L’anti-Dühring est dirigé contre les thèses d’Eugen Dühring (1833-1921), même si c’est secondaire par rapport à la mise en valeur de l’idéologie communiste. En fait, on peut voir qu’il s’agit d’une critique de l’idéalisme qui est la base à l’exposition du matérialisme dialectique.
On doit noter d’ailleurs ici que Eugen Dühring appartient au courant du « positivisme », et que ses positions sont les mêmes que ses contemporains Ernst Mach et Richard Avenarius. Or, il y a une critique très connue de Mach et d’Avenarius : celle faite par Lénine dans « Matérialisme et empirio-criticisme ». Lénine a en fait défendu ce qu’enseigne l’anti-Dühring, en profitant des nouveaux acquis scientifiques de son époque.
De son côté, Eugen Dühring verra vite son influence s’effondrer dans la social-démocratie. Par contre, les courants anti-marxistes le soutiendront et Eugen Dühring va alors devenir le principal théoricien racialiste de la fin du XIXe siècle en Allemagne, formulant les principes de l’antisémitisme exterminateur.
Le moteur de la conception antisémite de Eugen Dühring repose bien évidemment sur le rejet de la dialectique de la nature. A la position de Friedrich Engels, Eugen Dühring oppose une vision où il y a bien évolution, mais raciale, avec donc la liquidation de ce qui relève du malade, du non-naturel, en l’occurrence donc selon lui les personnes juives.

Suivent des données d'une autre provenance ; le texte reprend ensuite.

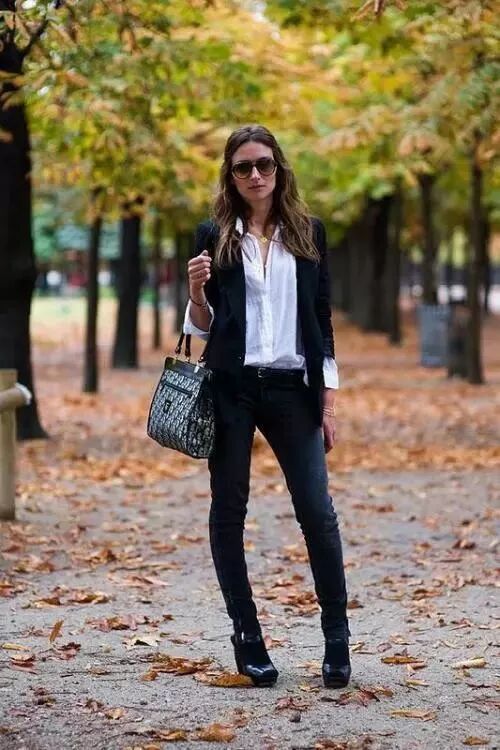 西裝外套+黑色打底襯衣+毛呢闊腿褲+小皮鞋,搭配一個圓圓的小黑包。若是敵不過寒冷的朋友就可以穿上稍厚的打底毛衣和毛呢褲子啦,里面還可以自行發揮添加衣服。
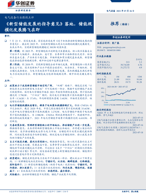 【华创证券】【20210726】电气设备行业跟踪点评:《新型储能发展的指导意见》落地,储能规模化发展腾飞在即-3页
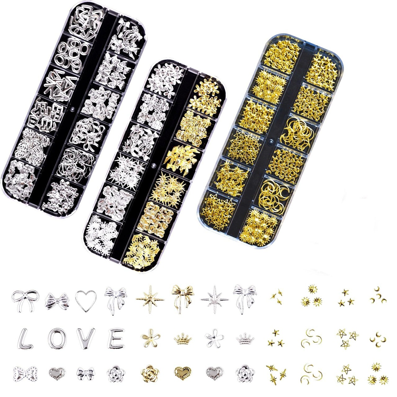 【パッケージ内容】このパッケージには、シルバーとゴールドの異なるスタイルのネイルアート用デコレーションパーツが3箱入っている。装飾パーツは、さまざまなサイズや柄のデザイン、さまざまなスタイルから選ぶことができ、ナチュラルネイルにも人工爪にも使用できる。
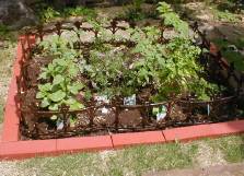 菜園コーナ。なす、きゅうり、イタリアンパセリ、パセリ、バジル、ラベンダーなどがある。余り手を掛けなかったわりには、キュウリが1本だけ実った。 今は休耕中・・ |
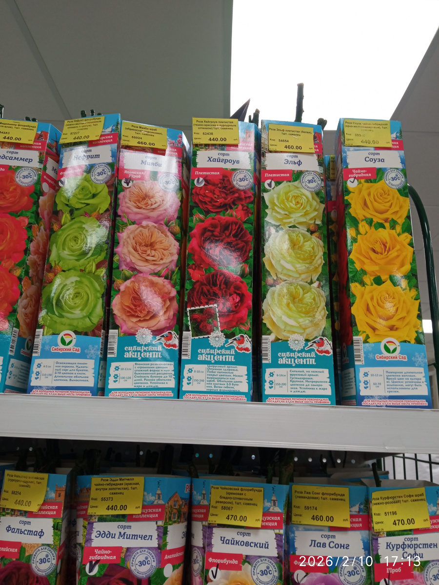 Помню как в прошлом году перед 8 марта пожилая семейная пара выбирала розы в коробках, муж всё говорил, что это подарок для жены. В нашем небольшом магазине садовых товаров опять появились розы — привезли их довольно много, выбор очень разнообразный. Поставщиком оказалась компания «Сибирский акцент». Я внимательно смотрела на названия сортов и удивлялась — многие из них были для меня незнакомыми. Хотя, по правде сказать, сортов роз насчитывается тысячами и все невозможно знать.
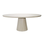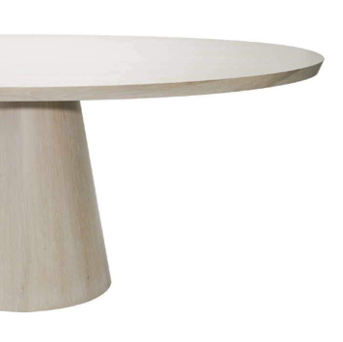 Our Jeffery oval dining table makes the most of its classic, minimalist silhouette. The tapered wood base has a stately presence, and natural cerused finish amplifies its natural, textured oak grain.
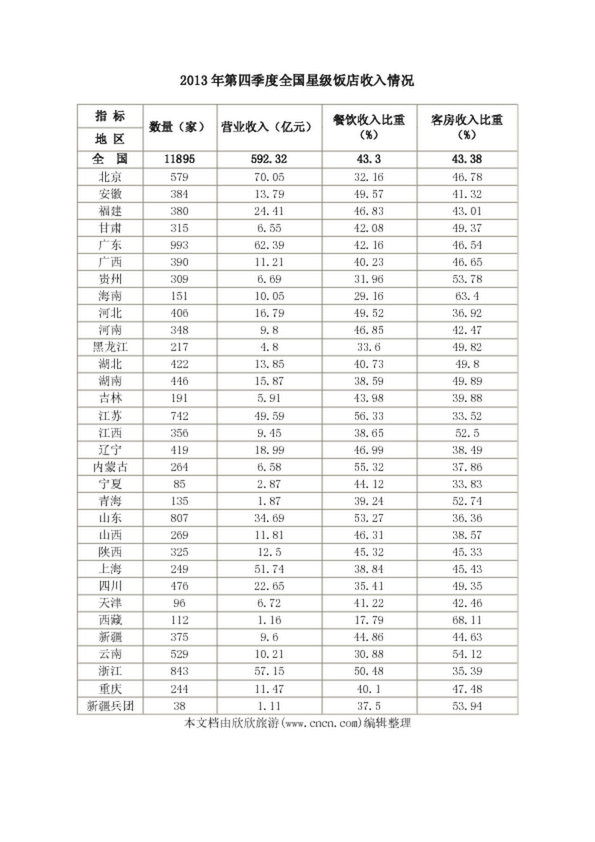 2013年第四季度全國星級飯店收入情況(12.38KB)
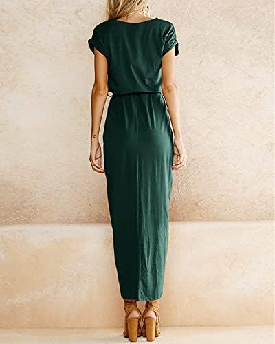 Girls’s Informal Summer season Costume Quick Sleeve Lengthy Costume Slit Social gathering Maxi Attire
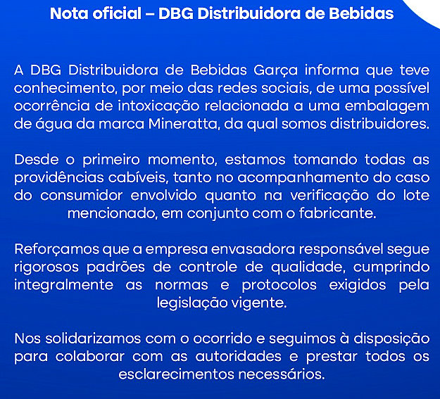 Outro lado - A empresa responsável pela distribuição da água mineral da marca Mineratta divulgou uma nota oficial sobre o caso. Confira abaixo:
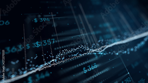 3D illustration of financial business chart with diagrams and stock numbers showing profits and losses
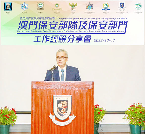 【特訊】為強化警察的責任和擔當,堅定人員的警務理念和核心價值。於10月17日上午,在澳門保安部隊高等學校禮堂舉辦「2023澳門保安部隊及保安部門工作經驗分享會」。保安司司長黃少澤、警察總局局長梁文昌、澳門海關關長黃文忠,保安範疇轄下領導和各級人員代表出席,以及在各保安部隊及保安部門設有15個直播點,合共660人參與是次分享會。
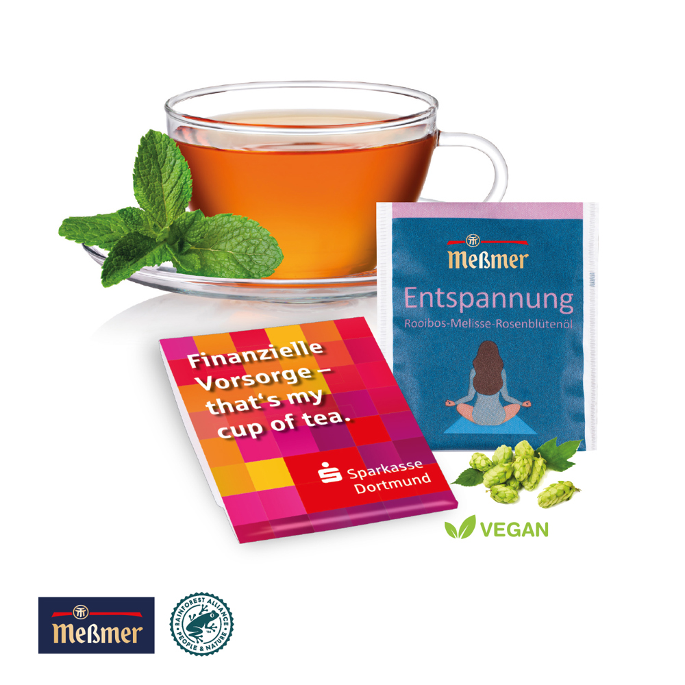 Verschenken Sie Tee-Genuss! Das Tee-Briefchen verwöhnt mit hochwertigem Meßmer-Tee. Ideal als kleines Präsent, für Messen, Veranstaltungen, Mailings oder als Beilage für Rechnungen und Warensendungen. Produktdetails: Ein Teebeutel von Meßmer im Werbebriefchen. Nachhaltigkeit: Für jede Bestellung mit uns wird ein Baum über GROW MY TREE gepflanzt. Wir verwenden FSC® zertifizierten Karton aus nachhaltiger Forstwirtschaft und anderen kontrollierten Quellen.
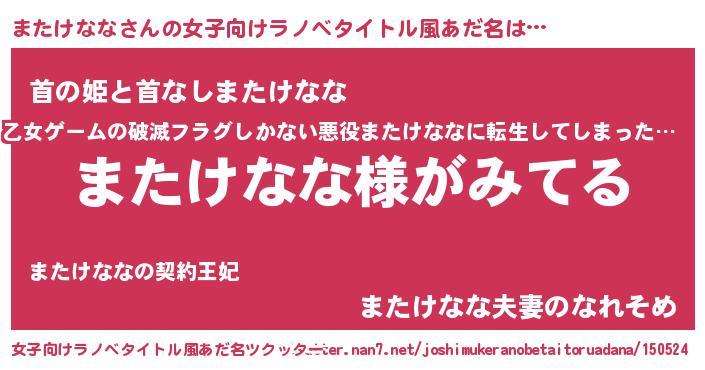 | 男性向けラノベタイトル風あだ名 | 『またけななの嫁は女の子じゃないと思った?』 |
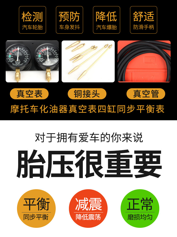- Key Specs & Performance: Features four independent gauges for simultaneous reading, allowing for precise adjustment of carburetor balance, preventing steering wheel shake and supporting tire pressure detection.
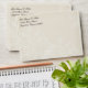 Matching Envelopes for the "Morning Glory Hydrange" Wedding Ensemble. This vintage inspired wedding collection has a complete ensemble of products and can be created in several colorways. If you would like it to match your wedding let us know via email and we'll be happy to assist you. This design consists a beautifully hand calligraphy font text, "United in Marriage," and a detailed original art swirl set in the background. There are a pair of butterflies flitting about a garden scene of morning glories, blue and white hydrangeas and a beautiful full blossomed white flower. All of these elements came from various antique original paintings. On the reverse side is the original art swirls and your text.
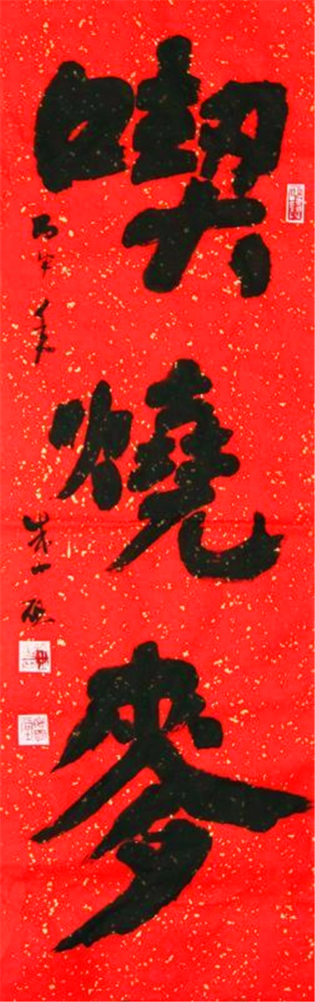 當(dāng)然審美角度不一樣,也許說(shuō)顏真卿的字雄強(qiáng)有力的特征,不入大雅之堂,有俗氣之嫌。這也是一個(gè)特征,因此我選擇顏真卿的字作為創(chuàng)作手段,通俗易懂和老百姓沒(méi)有距離感,尤其吃燒麥本身是街頭小巷常見(jiàn)的民間習(xí)俗,為了體現(xiàn)這一點(diǎn),所以在書(shū)法創(chuàng)作上,選擇了顏真卿的字體。

Cet aspect n’a jamais été étudié, et pourtant il est intéressant de voir que dès l’époque de Friedrich Engels, il y a ainsi un « socialisme » anti-marxiste qui se forme, avec l’antisémitisme comme moteur anticapitaliste romantique.
Eugen Dühring élabore toute une théorie antisémite où il considère que le judaïsme n’existe pas réellement, n’étant que le paravent d’un « parasitisme » juif. La seule solution à la question juive présentée ici comme « raciale », est forcément la liquidation, car l’enfermement régional amènerait cette « race nomade » à s’enfuir ou à tenter de conquérir le monde depuis une base.
Il faut cependant faire attention et ne pas penser que Eugen Dühring formule un darwinisme racial, où les peuples sont en concurrence et seuls les meilleurs survivent. Eugen Dühring raisonne en terme d’évolution générale, où seuls les aryens seraient « humains » réellement, les personnes juives n’étant pas considérées comme humaines, mais comme des sortes de parasites géants.
Il n’est pas difficile de voir ici dans quelle mesure on retrouve ici des thèmes qui deviendront traditionnels dans l’antisémitisme. Or, il est ici évident que la constitution d’une théorie racialiste exactement contemporaine au début du matérialisme dialectique est une réponse à celui-ci. Eugen Dühring, parce qu’il rejette le marxisme, transforme l’antisémitisme religieux en antisémitisme racialiste.
La particularité de ses offensives idéologiques est de combattre à tout prix les conversions et de lancer des appels pour considérer les personnes juives comme une race à part, à supprimer physiquement, cela étant valable pour chaque individu, pour des raisons « raciales ».
Tout cela est pour Eugen Dühring le seul moyen de constituer une anti-idéologie suffisamment forte. Il a besoin de remplacer la formidable dimension du matérialisme dialectique par quelque chose d’au moins aussi fort, et pour cela il propose une « aventure » de type « racial ».
A l’optimisme radical de la lutte des classes du matérialisme dialectique, Eugen Dühring oppose un optimisme racial. Il est évident qu’il y a là un événement historique, et une perspective à comprendre absolument.